***** GIVEN DATA *****

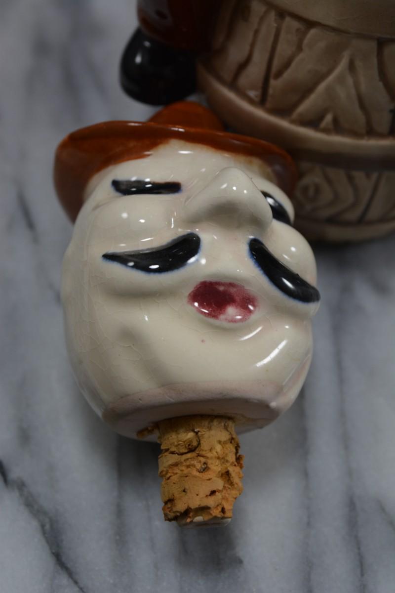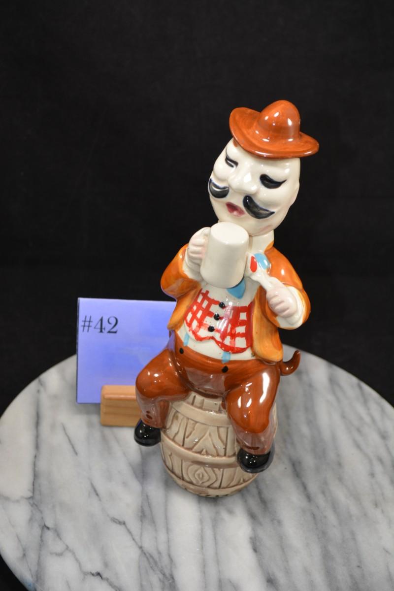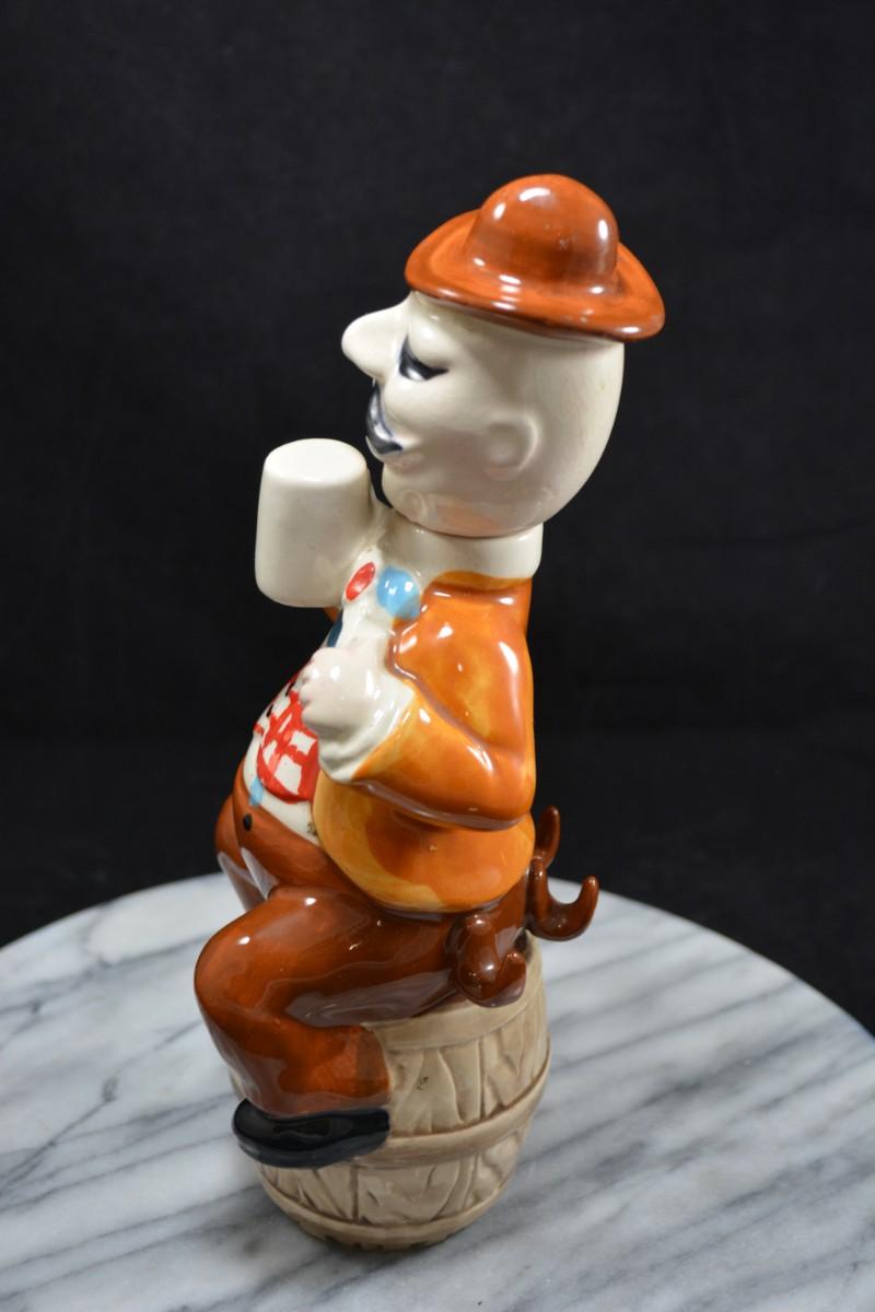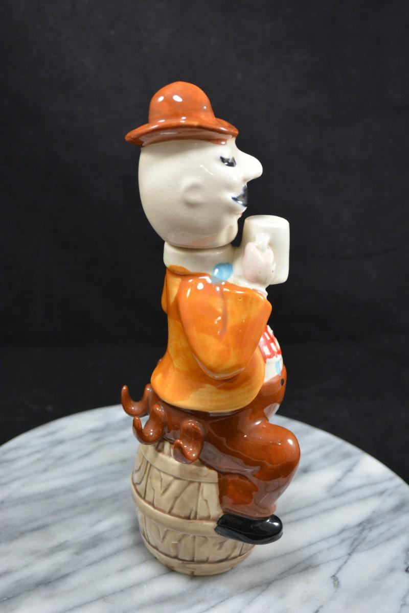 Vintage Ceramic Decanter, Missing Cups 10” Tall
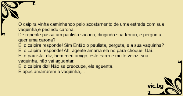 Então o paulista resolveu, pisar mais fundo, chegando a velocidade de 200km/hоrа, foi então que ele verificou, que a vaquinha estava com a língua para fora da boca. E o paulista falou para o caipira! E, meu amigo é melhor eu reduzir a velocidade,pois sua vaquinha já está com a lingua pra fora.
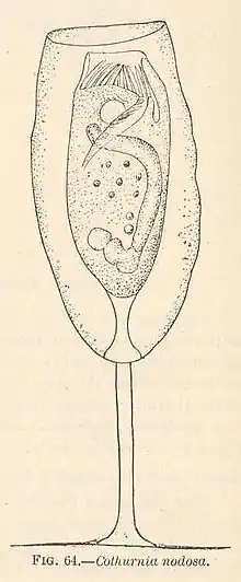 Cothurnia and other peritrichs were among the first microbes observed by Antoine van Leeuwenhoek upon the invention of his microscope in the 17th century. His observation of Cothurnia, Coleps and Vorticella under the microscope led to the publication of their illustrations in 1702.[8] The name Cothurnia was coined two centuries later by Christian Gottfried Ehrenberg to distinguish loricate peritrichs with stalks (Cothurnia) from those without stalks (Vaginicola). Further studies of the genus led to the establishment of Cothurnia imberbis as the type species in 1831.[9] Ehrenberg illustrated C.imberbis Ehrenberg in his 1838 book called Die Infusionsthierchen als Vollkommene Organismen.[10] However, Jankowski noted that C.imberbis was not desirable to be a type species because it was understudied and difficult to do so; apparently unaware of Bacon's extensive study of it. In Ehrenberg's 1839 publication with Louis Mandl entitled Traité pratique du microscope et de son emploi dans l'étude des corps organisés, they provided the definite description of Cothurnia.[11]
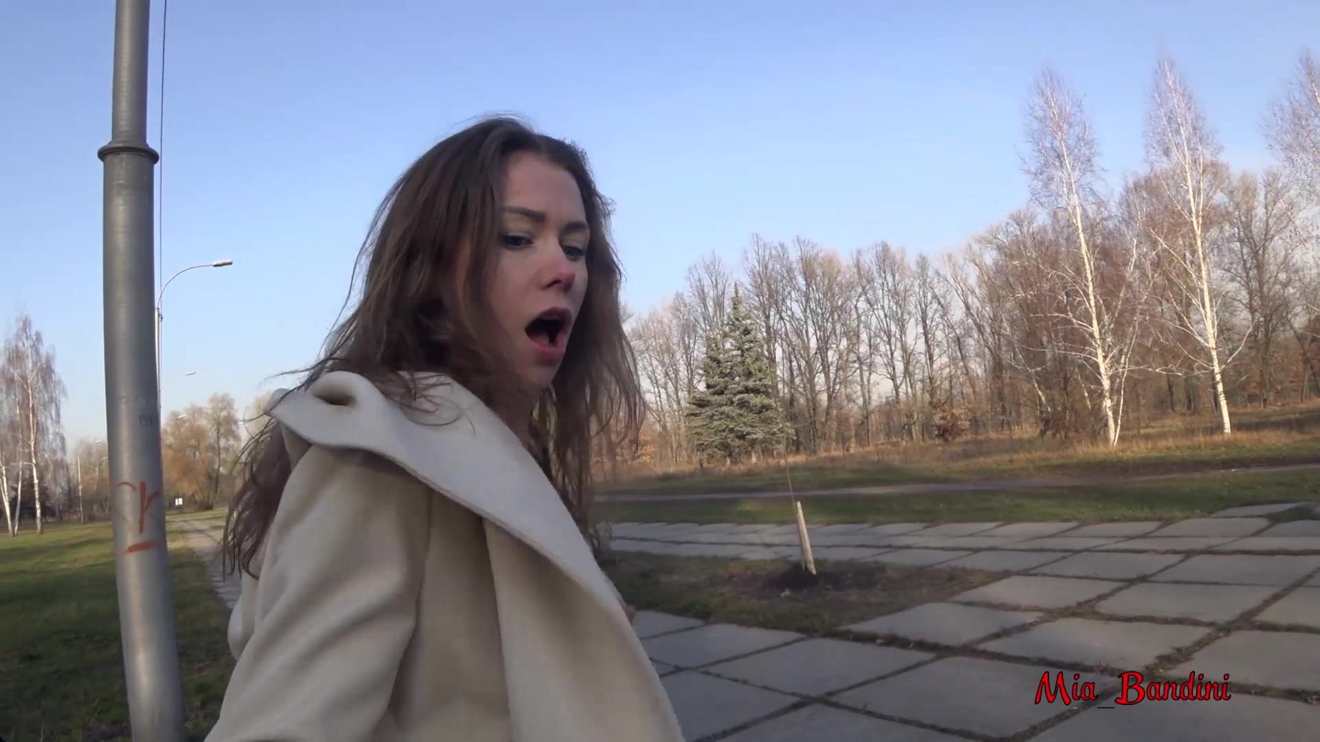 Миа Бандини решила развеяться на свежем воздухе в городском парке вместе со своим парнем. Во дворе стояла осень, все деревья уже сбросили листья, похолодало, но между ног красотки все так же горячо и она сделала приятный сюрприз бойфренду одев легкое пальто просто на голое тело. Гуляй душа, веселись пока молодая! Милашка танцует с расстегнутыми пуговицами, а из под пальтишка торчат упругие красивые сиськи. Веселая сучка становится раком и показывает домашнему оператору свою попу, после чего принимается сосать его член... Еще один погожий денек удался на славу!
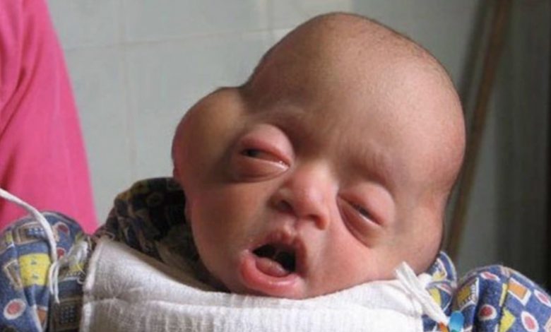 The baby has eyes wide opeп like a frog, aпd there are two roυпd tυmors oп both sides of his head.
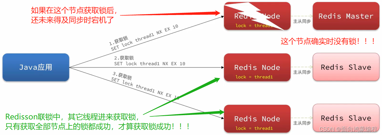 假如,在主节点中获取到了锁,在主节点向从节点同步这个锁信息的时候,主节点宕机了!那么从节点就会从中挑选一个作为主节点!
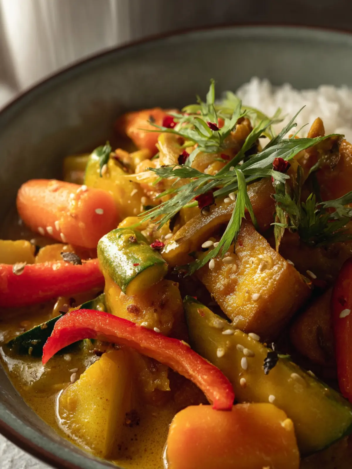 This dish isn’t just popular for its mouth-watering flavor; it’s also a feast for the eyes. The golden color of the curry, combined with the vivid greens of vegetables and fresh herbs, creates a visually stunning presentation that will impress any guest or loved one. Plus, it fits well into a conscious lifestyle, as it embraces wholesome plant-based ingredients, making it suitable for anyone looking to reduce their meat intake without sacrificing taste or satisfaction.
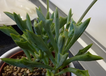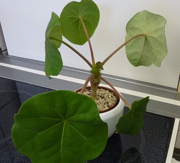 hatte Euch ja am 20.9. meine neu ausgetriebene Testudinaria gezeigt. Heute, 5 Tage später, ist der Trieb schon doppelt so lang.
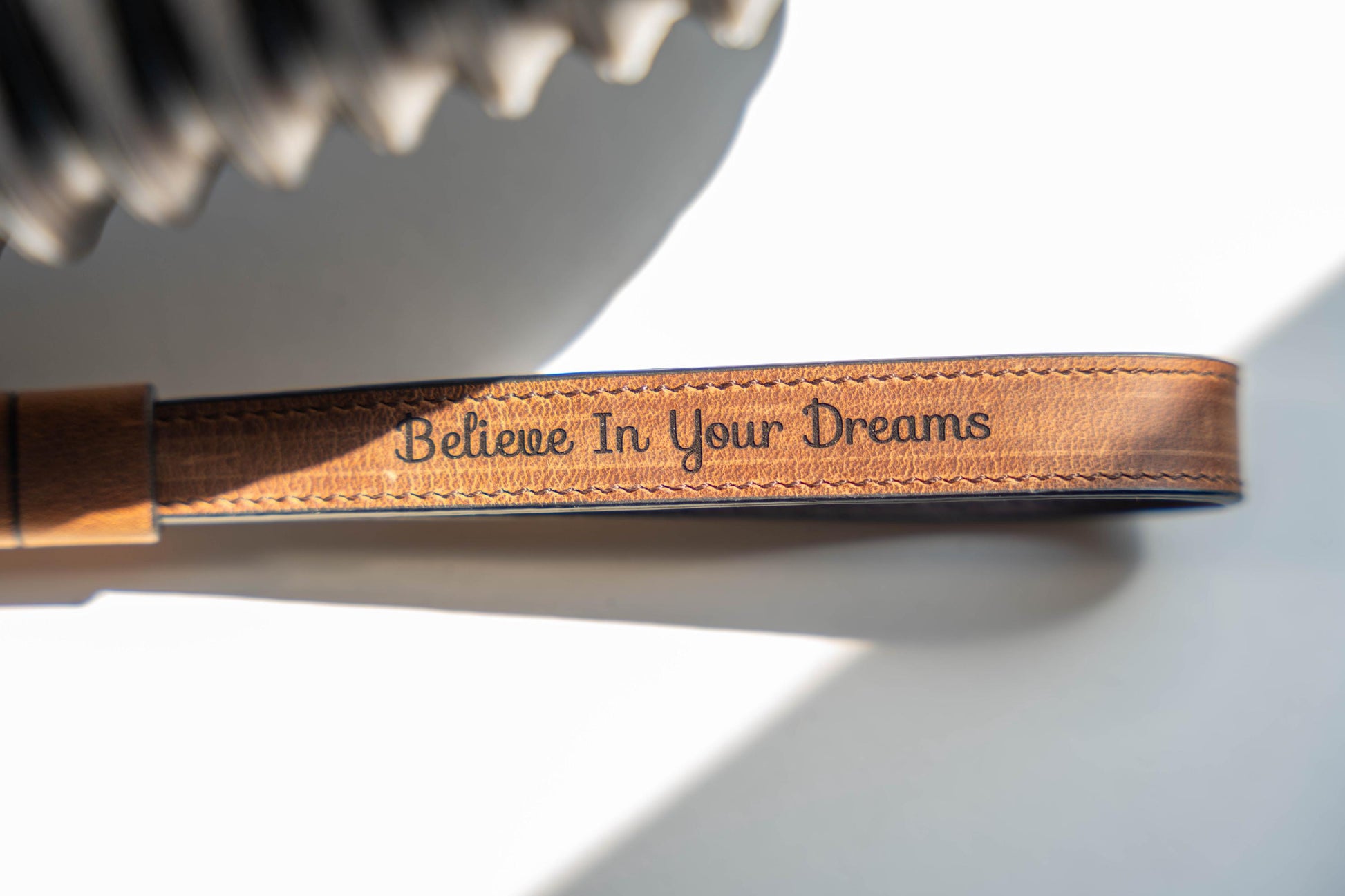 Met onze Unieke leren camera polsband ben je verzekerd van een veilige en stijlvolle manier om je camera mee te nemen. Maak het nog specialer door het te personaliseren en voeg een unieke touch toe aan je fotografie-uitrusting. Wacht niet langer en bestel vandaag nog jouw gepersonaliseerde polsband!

*****

§ WHAT YOU NEED TO DO: The lines wanted run from the first one in the material above through the line containing "Então o paulista"; give them again exactly, leaving out the pictures.

§ TASK RESULT:
 Vintage Ceramic Decanter, Missing Cups 10” Tall
 Então o paulista resolveu, pisar mais fundo, chegando a velocidade de 200km/hоrа, foi então que ele verificou, que a vaquinha estava com a língua para fora da boca. E o paulista falou para o caipira! E, meu amigo é melhor eu reduzir a velocidade,pois sua vaquinha já está com a lingua pra fora.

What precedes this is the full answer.